Il sentiero scende nel bosco e in breve passa su una passerella, nei
pressi di una bella cascata (0.50); poi comincia a risalire a tornanti
nel bosco; trascurata la deviazione (1.00), a sinistra, per il Pis del
Pesio, si continua in direzione del Gias e del Colle Vaccarile (paline)
sempre nel bosco, con percorso su rocce affioranti, fino ad uscire allo
scoperto a circa quota 1500 m.
Si prosegue verso la bastionata rocciosa, fino ad incontrare un bivio
(paline)(1.40)(1600 m circa): a destra si va al Colle Vaccarile mentre
a sinistra il nostro sentiero prosegue in diagonale, salendo, e in breve
va ad incontrare una traccia pianeggiante. Si prosegue sempre a sinistra.

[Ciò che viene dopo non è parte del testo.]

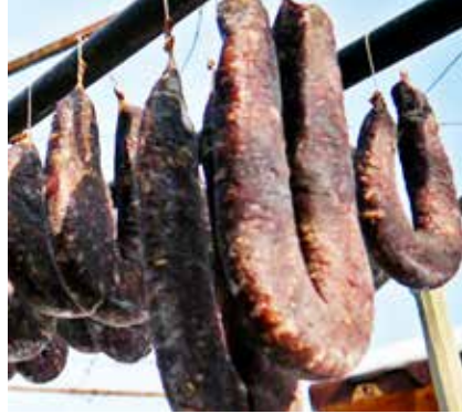
Eskileri hatırlatan bir irişki.

Hazırlıklar tamamlandıncaya bu et bağırsaklara doldurulurdu. Ancak önceleri hazır bağırsaklar bulunma-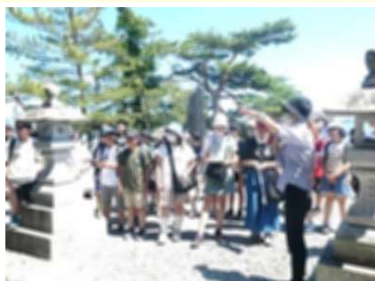
松島:五大堂を見学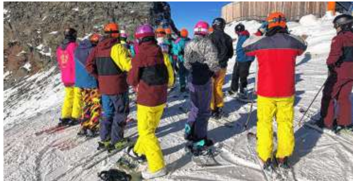
Die Ski-Saison ist für den Ski-Club Gottmadingen angelaufen.

Gottmadingen. Nachdem die Wintersportsaison 2020/2021 coronabedingt für den Ski-Club Gottmadingen komplett abgesagt werden musste, freuten sich alle Übungsleiter und Mitglieder umso mehr auf die Saisonausfahrt vom 12. bis 14. November, sie fand mit 52 Teilnehmer im Gletscherskigebiet Stubaital statt. Bereits zum Anmeldebeginn der Einweisung hat sich der Ski-Club vorsorglich auf ein 2G-Konzept (geimpft oder genesen) festgelegt. Dass sich dies als genau richtig herausgestellt hat, wurde nicht nur durch die steigenden Coronazahlen, sondern auch aufgrund des Lockdowns für Ungeimpfte in Österreich bestätigt.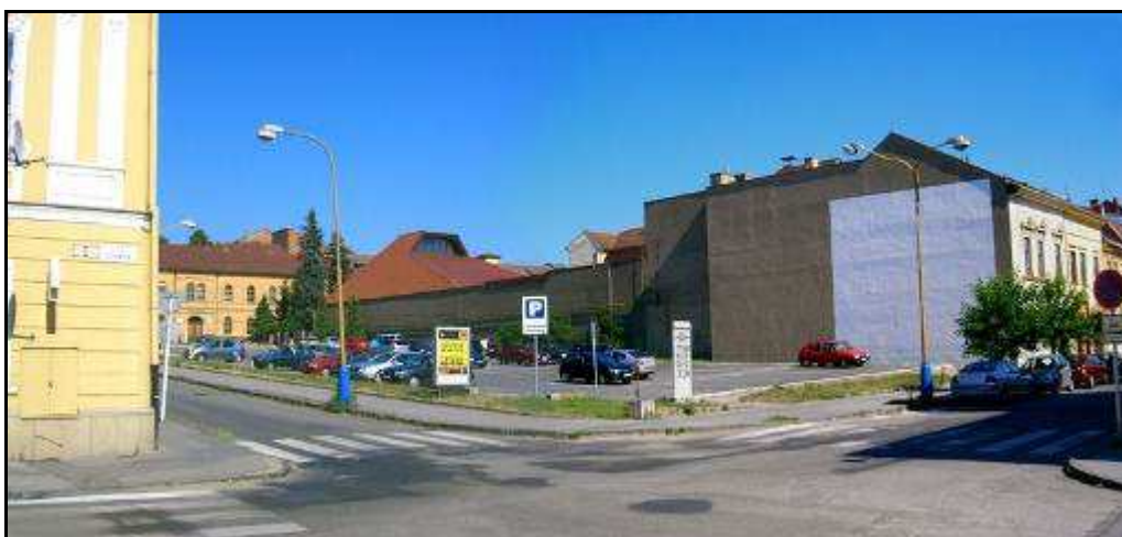
164 - Križovatka Slovenskej a Metodovej ulice – Revitalizačná plocha R 13, súčasný stav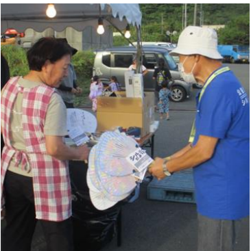
普及啓発活動(うちわ配布) / マリンスコーレ会場

当日は、気温・湿度共に高く、うだるような暑さでしたが、11名の役職員で、シルバー人材センターうちわとシルバードよりを、合計約500セット配布しました。会場の来場者と出店されている方に配布をしました。ご家族で柄違いを手に取り、竹製で素敵という声も聞かれました。配布が完了したときには、会場内の至る所で、多くの方がそのうちわで涼をとっていました。活動ありがとうございました。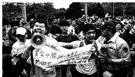
■管中閔聘任案引發挺管、反管兩派對立，圖為反管學生抗議。資料照片

台大遴選案容或有行政瑕疵，但只要候選人沒學術倫理問題，也無賄選情事，教育部還是宜尊重大學自主精神。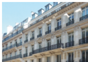
R. de Marignan/R. Marbeuf - Paris 8 ème 12 042 m 2 (bureaux) Expertisé pour Invesco (IREEF)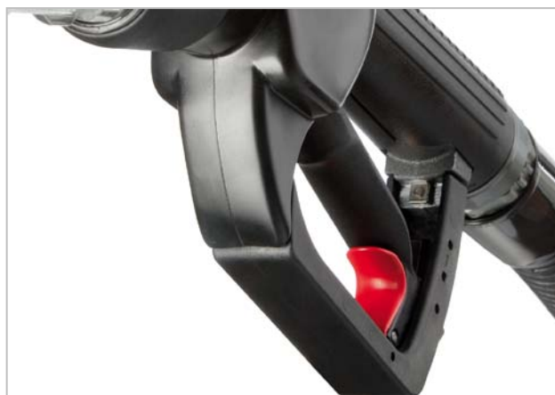
LeverAssist® Option für ZVA Slimline 2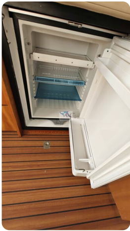
Linssen Grand Sturdy 29.9 15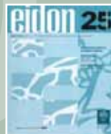
EIDON Nº 25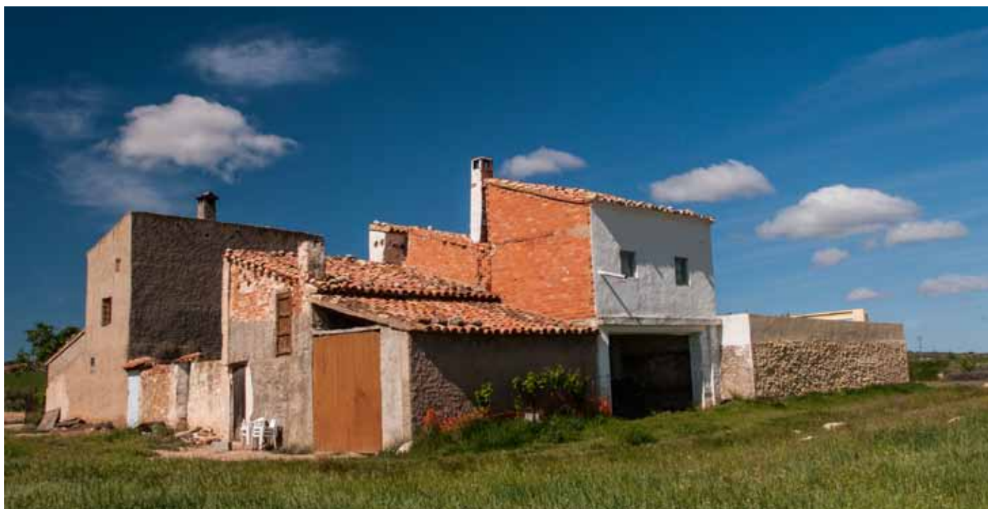
Val de Cabrón

familias en las que la muerte del padre o una desgracia económica hacía difícil que salieran adelante. Los únicos problemas entre ellos que nos nombra son los relacionados con las aguas, problemas de uso de riego, por ejemplo.

Siamo al Passo di Baban, che più che un passo nel senso tradizionale
del termine è in realtà un lungo e panoramico passaggio
sospeso sulla cordonata rocciosa (foto 2); a valle del sentiero i mughi
ci proteggono - almeno dalla vista - del baratro sottostante. In realtà
non c'è comunque esposizione o difficoltà; ma dice bene
"In Cima" che in presenza di residue lingue di neve questo
tratto potrebbe risultare insidioso.
Dopo un bel pezzo in trasversale si arriva finalmente in vista di un
grande pianoro erboso (foto 3), ad un crocevia (paline) poco prima del
Gias dell'Ortica (2.20)(1855 m), dove il panorama spazia a meridione
sull'accidentata Conca delle Carsene (foto 4), mentre a destra (ovest)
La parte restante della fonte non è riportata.